Because it uses web hooks, you can:

1. use it from (and to integrate) applications written in any language
1. use DNS / web server load balancing to distribute tasks
1. bootstrap your task execution environment the way you bootstrap a web
application -- i.e.: once at startup, re-using your web app's configuration
and middleware

[AMPQ]: http://www.rabbitmq.com
[ESB]: http://en.wikipedia.org/wiki/Enterprise_service_bus


## Functionality

nTorque provides the following endpoints:

* `POST /` to enqueue a task
* `GET /tasks/:id` to view task status

And the following features:

* persistent task storage
* non-blocking, concurrent task execution
* HTTPS and redirect support
* configurable (linear or exponential) backoff


## Implementation

nTorque is a Python application comprising of a web application and one or more
worker processes.
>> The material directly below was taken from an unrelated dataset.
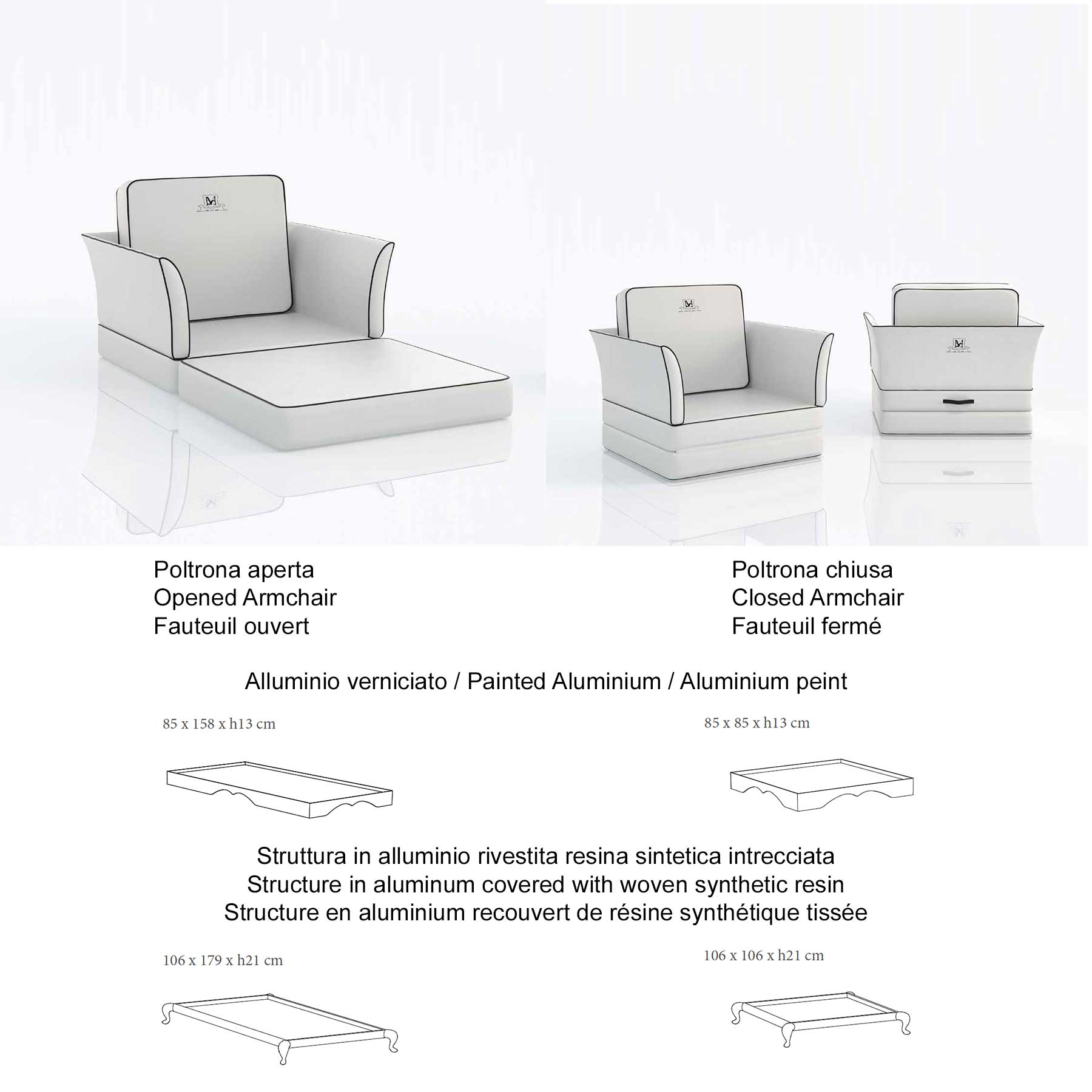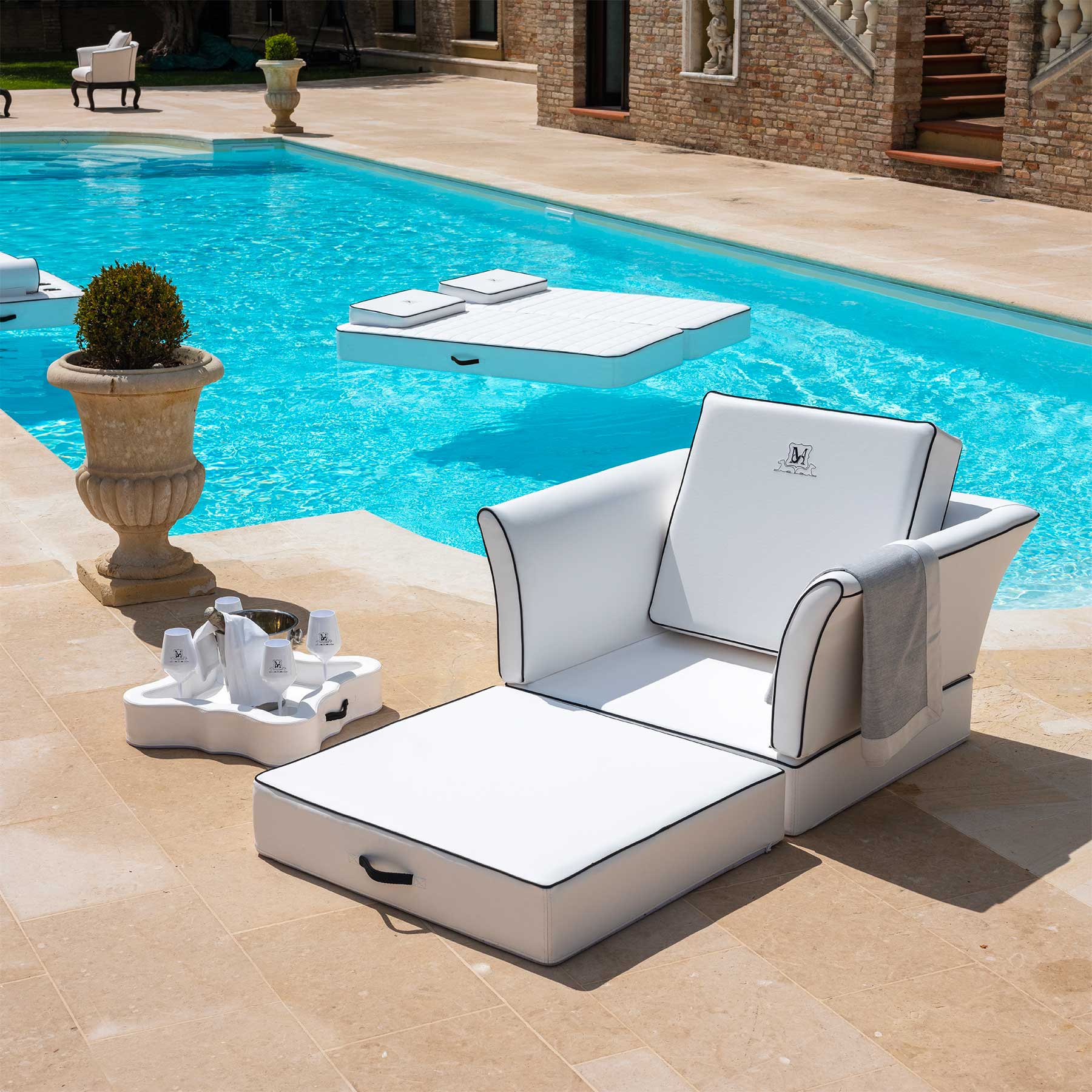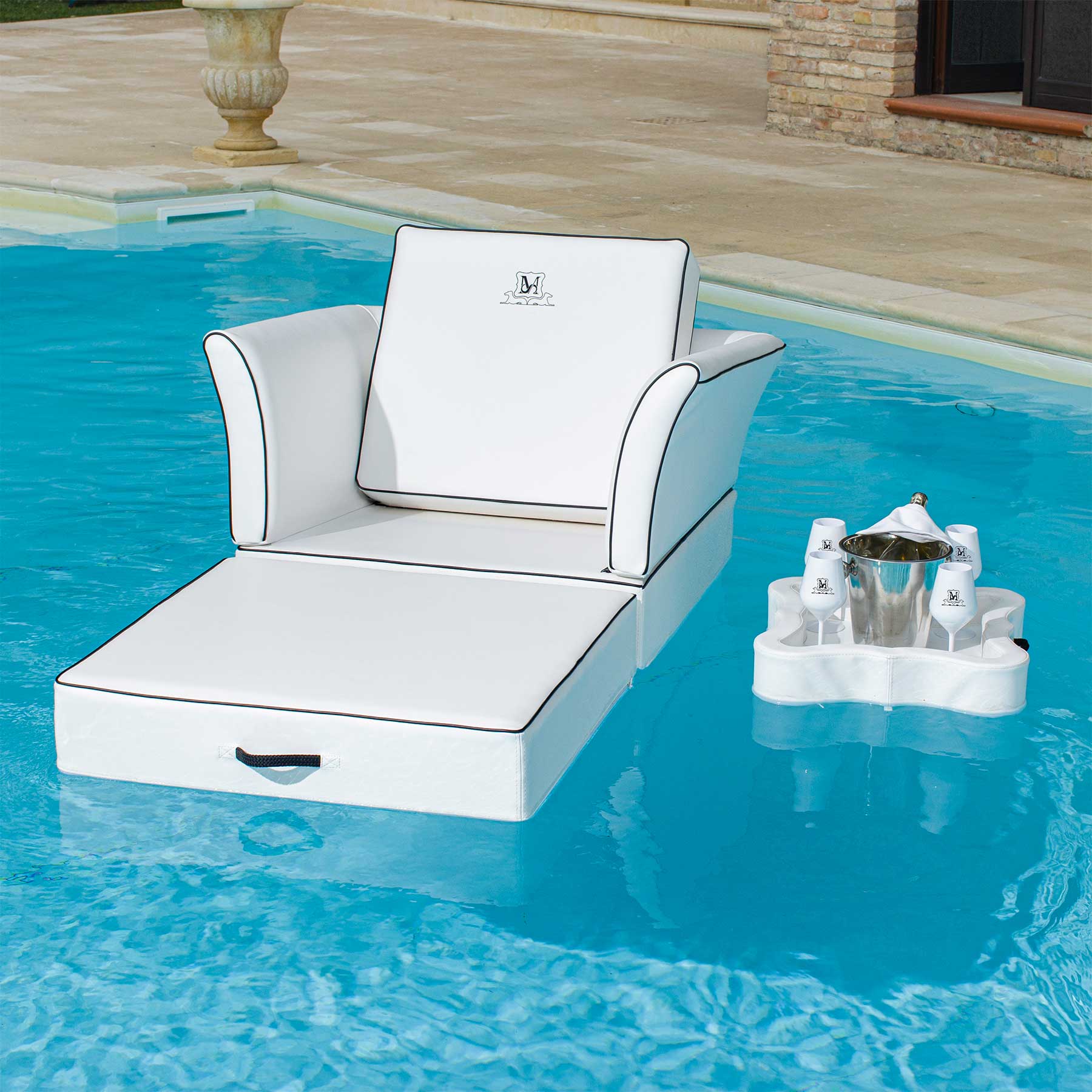 Su richiesta, ogni elemento della collezione è dotato di un’elegante base in alluminio su cui il cliente può appoggiarlo quando viene tirato fuori dall’acqua, in modo che lo stesso elemento può essere utilizzato anche per prendere il sole, diventando a tutti gli effetti un lettino o una comoda poltrona a bordo piscina.

These use a [PostgreSQL][] database to persist tasks and a
[Redis][] database as a notification channel.

<pre><code>+------+ | +--------+ +--------+ +--------+ |
|POST /| |Frontend| |Web app | |Postgres|
|------| | |--------| |--------| |--------| |
|- url |+- ->|- auth |+-->|- store |+-->|- tasks |
|- data| | |- rate | |- notify| | | |
| | | limits| | | | |
+------+ | +--------+ +--------+ +--------+
+ ^ + |
| | | url
rpush get data |
| | | |
v + v |
| +--------+ +--------+ +---------+
|Redis | |Worker | | |Web hook |
| +--------+ |--------| |---------|
| |- POST |+-|->|- perform|
| nTorque +-blpop-> | data | | task |
+--------+ | +---------+
</code></pre>

In the event of a response with status code:

* 200 or 201: the task is marked as successfully completed
* 202 - 499: the task is marked as failed and is not retried
* 500 (or network error): the task is retried

[Hack here][] if you'd like a different strategy.

[Hack here]: https://github.com/thruflo/ntorque/blob/master/src/ntorque/work/perform.py#L133

## Algorithm

The real crux of nTorque is a trade-off between request timeout and retry delay.
It's worth understanding this before deploying -- and how to simply mitigate
it by a) specifying an appropriate default timeout and b) overriding this as
necessary on a task by task basis.

Like [RQ][] and [Resque][], nTorque uses Redis as a push messaging channel. A
request comes in, a notification is `rpush`d onto a channel and `blpop`d off.
This means that tasks are executed immediately, with a nice evented / push
notification pattern.

Unlike [RQ][] and [Resque][], nTorque doesn't trust Redis as a persistence layer.
Instead, it relies on good-old-fashioned PostgreSQL: the first thing nTorque does
when a new task arrives is write it to disk. It then notifies a consumer process
using Redis [BLPOP][]. The consumer then reads the data from disk and performs
the task by making an HTTP request to its url.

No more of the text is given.